§ Exercise
In the listing below, a line holding "Ferienwohnung bietet Platz" and a line holding "어둠땅이 끝나면 새로운" mark the range. Retype both exactly, with all lines between them.

§ Recorded data

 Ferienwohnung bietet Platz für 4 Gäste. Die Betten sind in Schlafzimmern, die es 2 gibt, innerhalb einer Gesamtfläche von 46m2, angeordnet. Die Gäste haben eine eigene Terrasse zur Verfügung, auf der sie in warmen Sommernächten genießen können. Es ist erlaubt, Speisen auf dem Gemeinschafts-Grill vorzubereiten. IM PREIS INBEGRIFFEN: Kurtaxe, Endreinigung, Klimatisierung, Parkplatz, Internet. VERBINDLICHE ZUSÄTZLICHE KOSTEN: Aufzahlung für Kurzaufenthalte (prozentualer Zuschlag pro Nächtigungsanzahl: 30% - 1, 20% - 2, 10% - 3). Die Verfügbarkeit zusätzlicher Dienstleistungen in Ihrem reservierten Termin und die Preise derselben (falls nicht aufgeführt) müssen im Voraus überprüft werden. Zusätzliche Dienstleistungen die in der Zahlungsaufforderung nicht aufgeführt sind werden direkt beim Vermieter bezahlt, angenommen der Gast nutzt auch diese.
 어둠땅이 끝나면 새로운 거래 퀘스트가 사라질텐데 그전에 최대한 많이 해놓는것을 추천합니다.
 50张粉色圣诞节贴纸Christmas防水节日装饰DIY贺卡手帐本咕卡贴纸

...

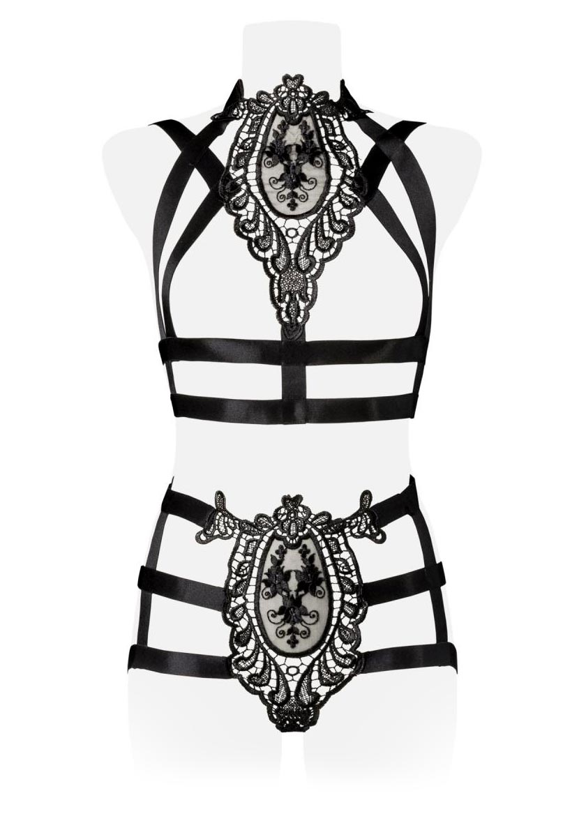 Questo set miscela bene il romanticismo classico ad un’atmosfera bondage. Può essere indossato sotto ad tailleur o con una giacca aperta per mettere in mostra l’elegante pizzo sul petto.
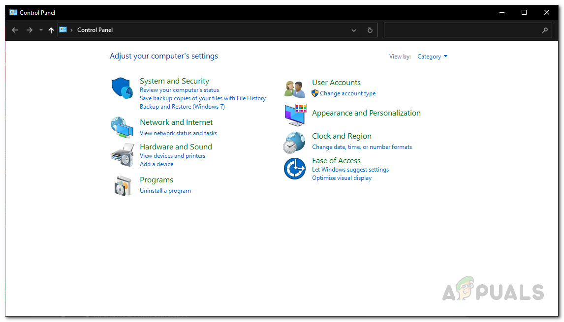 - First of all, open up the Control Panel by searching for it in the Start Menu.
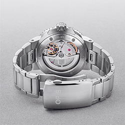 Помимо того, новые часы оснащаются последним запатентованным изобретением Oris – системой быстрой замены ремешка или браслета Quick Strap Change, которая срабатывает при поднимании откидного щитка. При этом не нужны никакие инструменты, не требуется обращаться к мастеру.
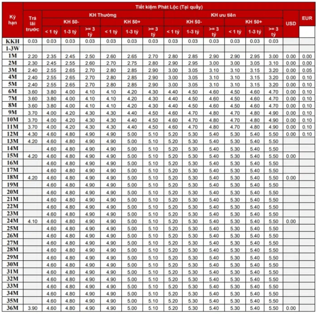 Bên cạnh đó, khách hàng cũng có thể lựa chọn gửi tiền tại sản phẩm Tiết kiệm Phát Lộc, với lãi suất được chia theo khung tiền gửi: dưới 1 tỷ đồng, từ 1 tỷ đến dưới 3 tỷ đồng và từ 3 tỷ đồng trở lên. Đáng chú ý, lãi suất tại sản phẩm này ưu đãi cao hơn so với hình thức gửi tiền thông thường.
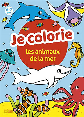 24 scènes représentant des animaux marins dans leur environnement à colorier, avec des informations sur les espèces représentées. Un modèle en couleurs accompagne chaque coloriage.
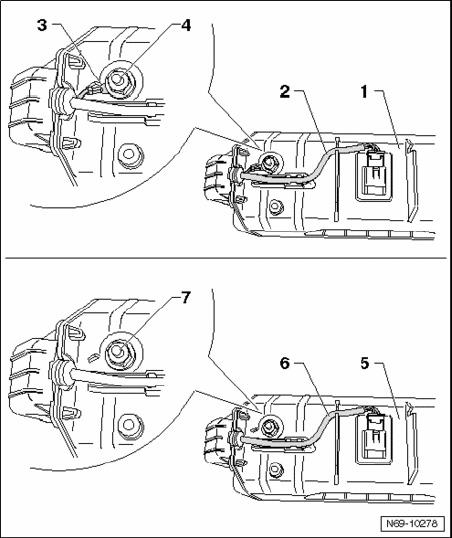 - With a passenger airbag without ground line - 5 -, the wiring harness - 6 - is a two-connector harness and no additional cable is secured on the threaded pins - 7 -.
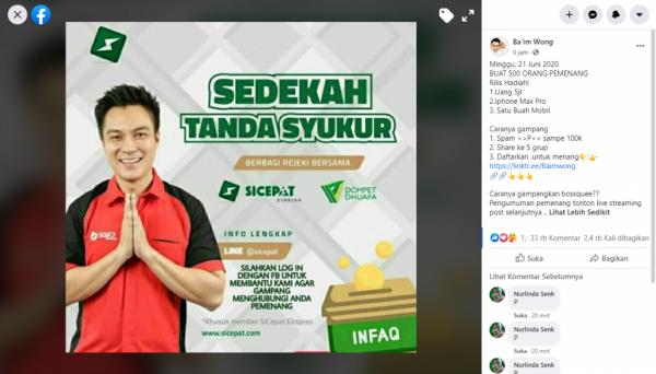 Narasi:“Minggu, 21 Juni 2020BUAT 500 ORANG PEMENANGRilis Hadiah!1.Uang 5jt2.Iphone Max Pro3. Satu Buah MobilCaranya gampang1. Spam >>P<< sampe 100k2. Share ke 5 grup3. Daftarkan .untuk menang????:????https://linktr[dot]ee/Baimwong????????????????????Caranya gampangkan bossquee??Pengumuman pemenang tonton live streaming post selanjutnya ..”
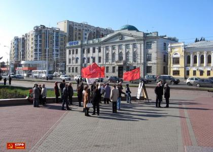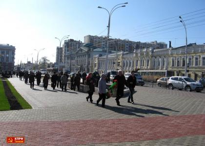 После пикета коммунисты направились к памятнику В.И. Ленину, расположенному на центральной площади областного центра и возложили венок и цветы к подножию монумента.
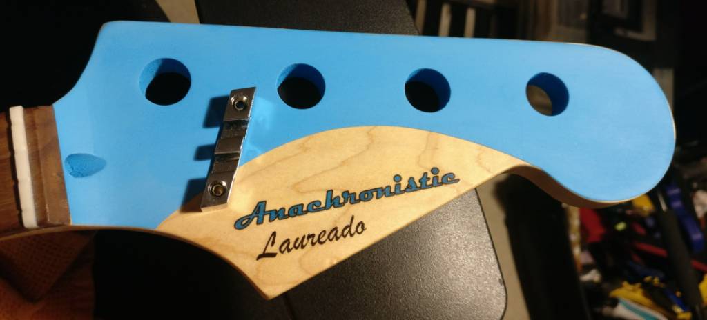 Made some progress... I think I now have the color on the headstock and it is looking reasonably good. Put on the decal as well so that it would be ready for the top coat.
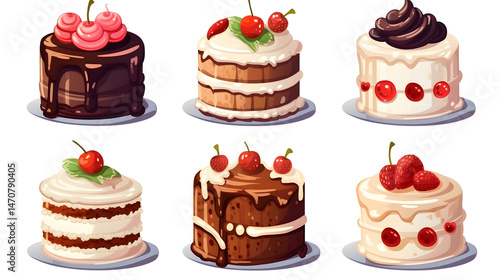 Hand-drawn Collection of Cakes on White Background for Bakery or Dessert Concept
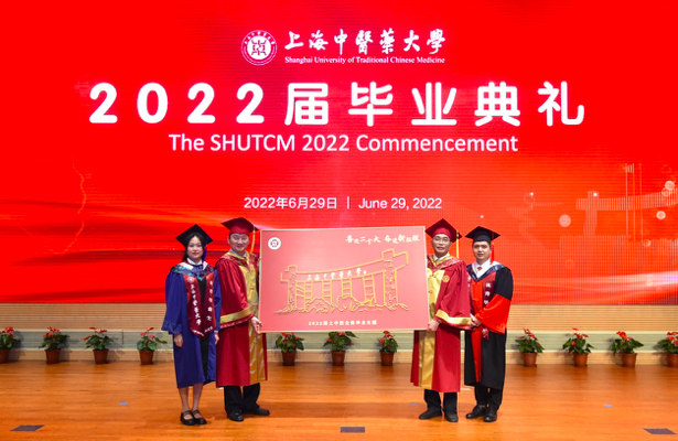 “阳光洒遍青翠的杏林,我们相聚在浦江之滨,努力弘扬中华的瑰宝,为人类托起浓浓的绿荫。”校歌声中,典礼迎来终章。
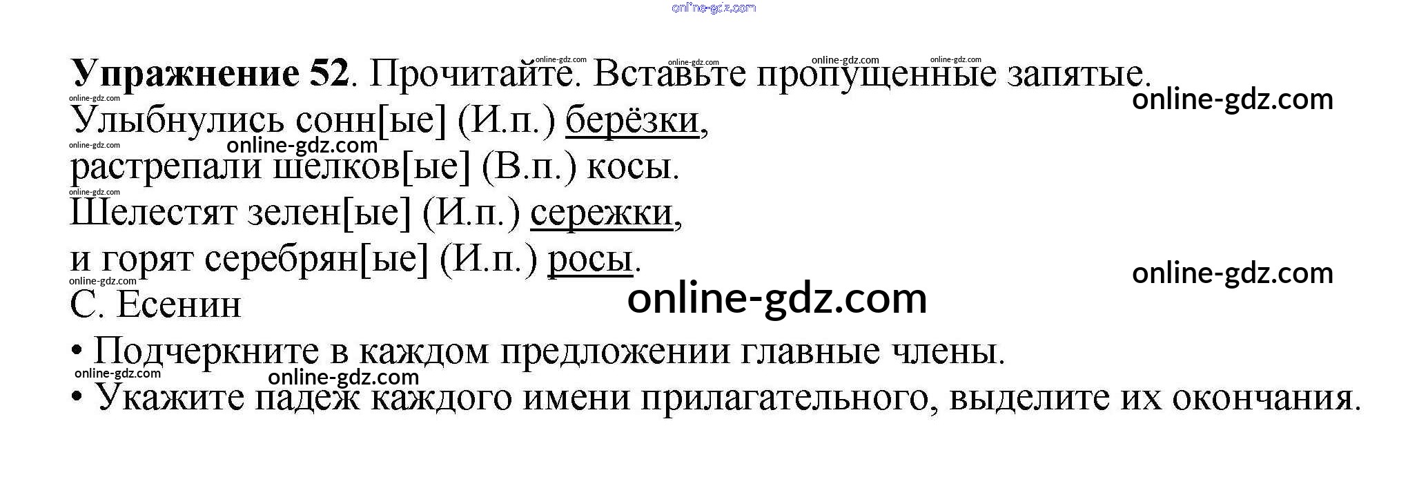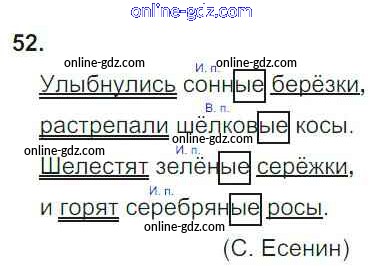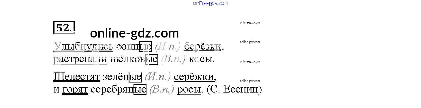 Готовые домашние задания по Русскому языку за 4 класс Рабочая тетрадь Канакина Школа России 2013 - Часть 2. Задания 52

--

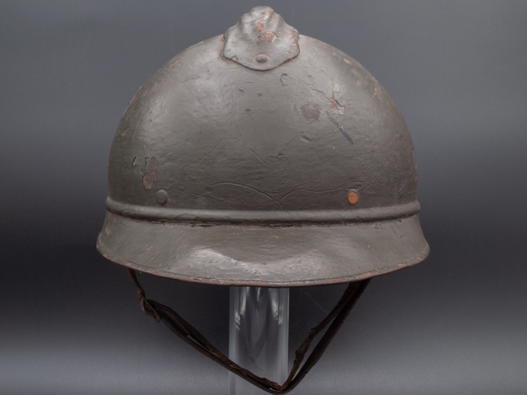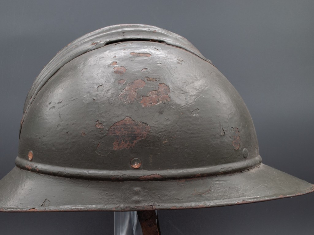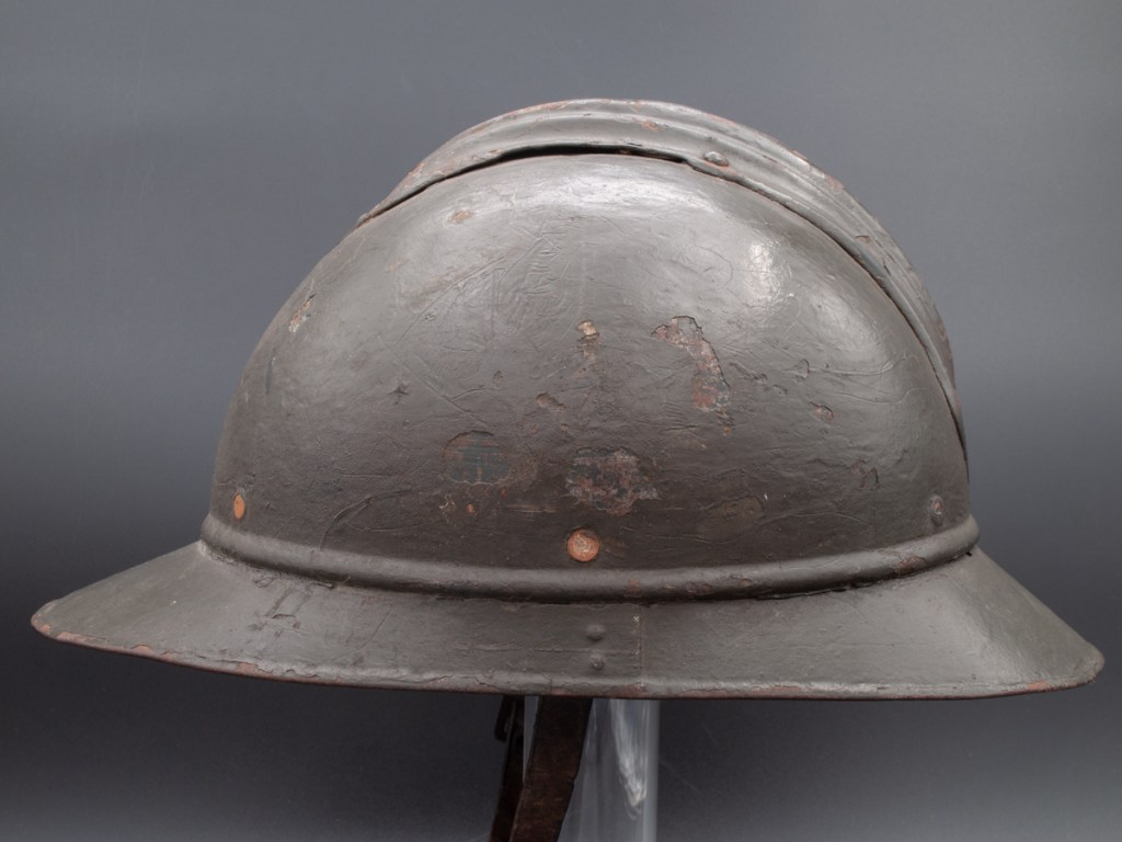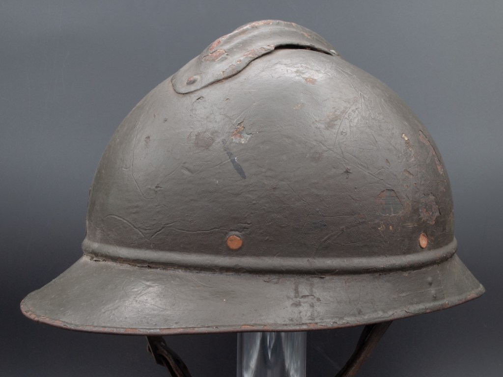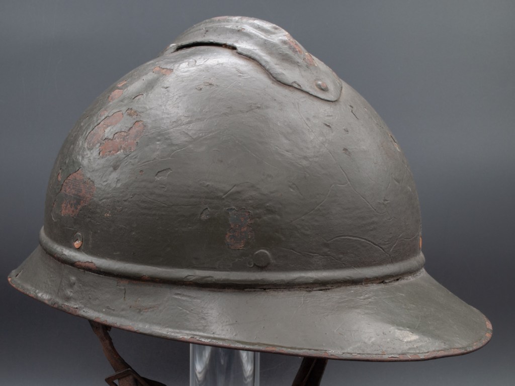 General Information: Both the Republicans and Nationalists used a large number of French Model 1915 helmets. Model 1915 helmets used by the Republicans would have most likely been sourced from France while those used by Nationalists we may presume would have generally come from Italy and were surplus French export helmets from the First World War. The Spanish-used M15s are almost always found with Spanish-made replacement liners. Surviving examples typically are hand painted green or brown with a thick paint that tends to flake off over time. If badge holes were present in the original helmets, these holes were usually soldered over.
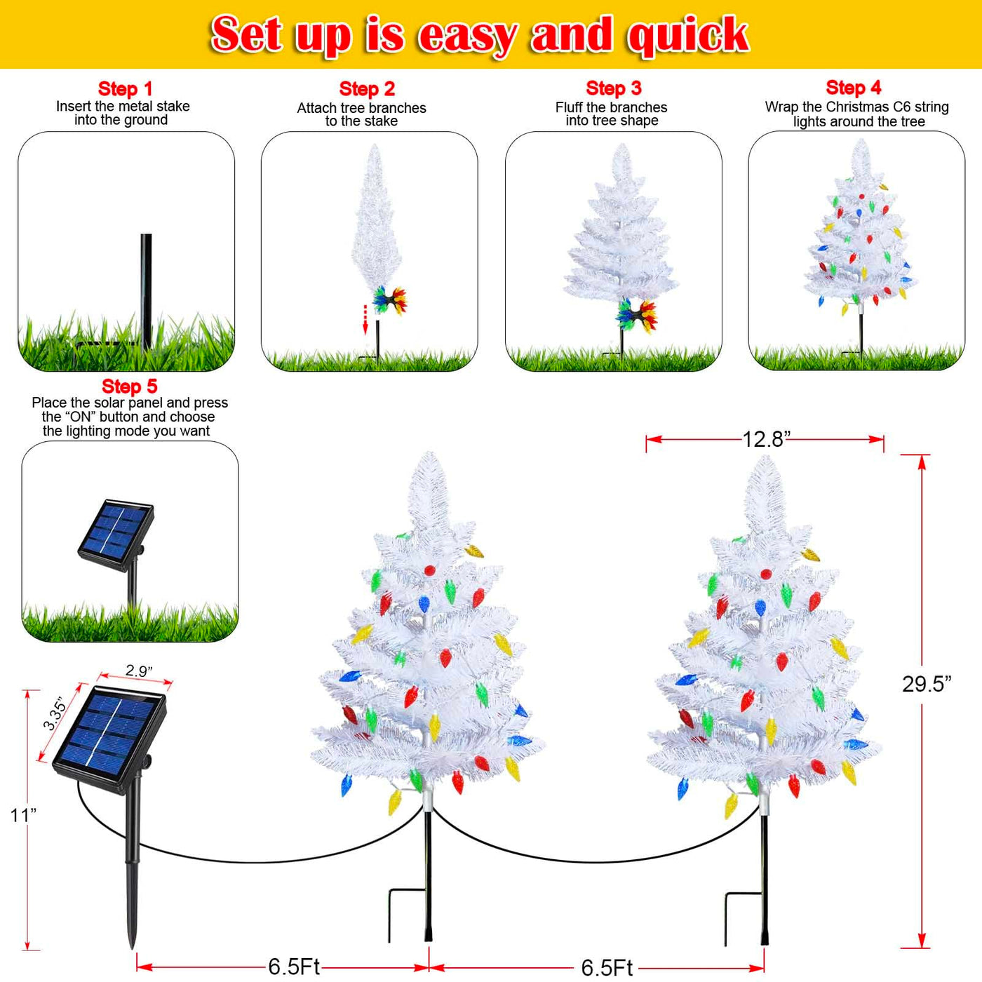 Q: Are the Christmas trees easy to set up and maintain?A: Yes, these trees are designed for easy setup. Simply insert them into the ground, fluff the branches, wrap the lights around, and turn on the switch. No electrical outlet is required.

§ Result of this task
 Ferienwohnung bietet Platz für 4 Gäste. Die Betten sind in Schlafzimmern, die es 2 gibt, innerhalb einer Gesamtfläche von 46m2, angeordnet. Die Gäste haben eine eigene Terrasse zur Verfügung, auf der sie in warmen Sommernächten genießen können. Es ist erlaubt, Speisen auf dem Gemeinschafts-Grill vorzubereiten. IM PREIS INBEGRIFFEN: Kurtaxe, Endreinigung, Klimatisierung, Parkplatz, Internet. VERBINDLICHE ZUSÄTZLICHE KOSTEN: Aufzahlung für Kurzaufenthalte (prozentualer Zuschlag pro Nächtigungsanzahl: 30% - 1, 20% - 2, 10% - 3). Die Verfügbarkeit zusätzlicher Dienstleistungen in Ihrem reservierten Termin und die Preise derselben (falls nicht aufgeführt) müssen im Voraus überprüft werden. Zusätzliche Dienstleistungen die in der Zahlungsaufforderung nicht aufgeführt sind werden direkt beim Vermieter bezahlt, angenommen der Gast nutzt auch diese.
 어둠땅이 끝나면 새로운 거래 퀘스트가 사라질텐데 그전에 최대한 많이 해놓는것을 추천합니다.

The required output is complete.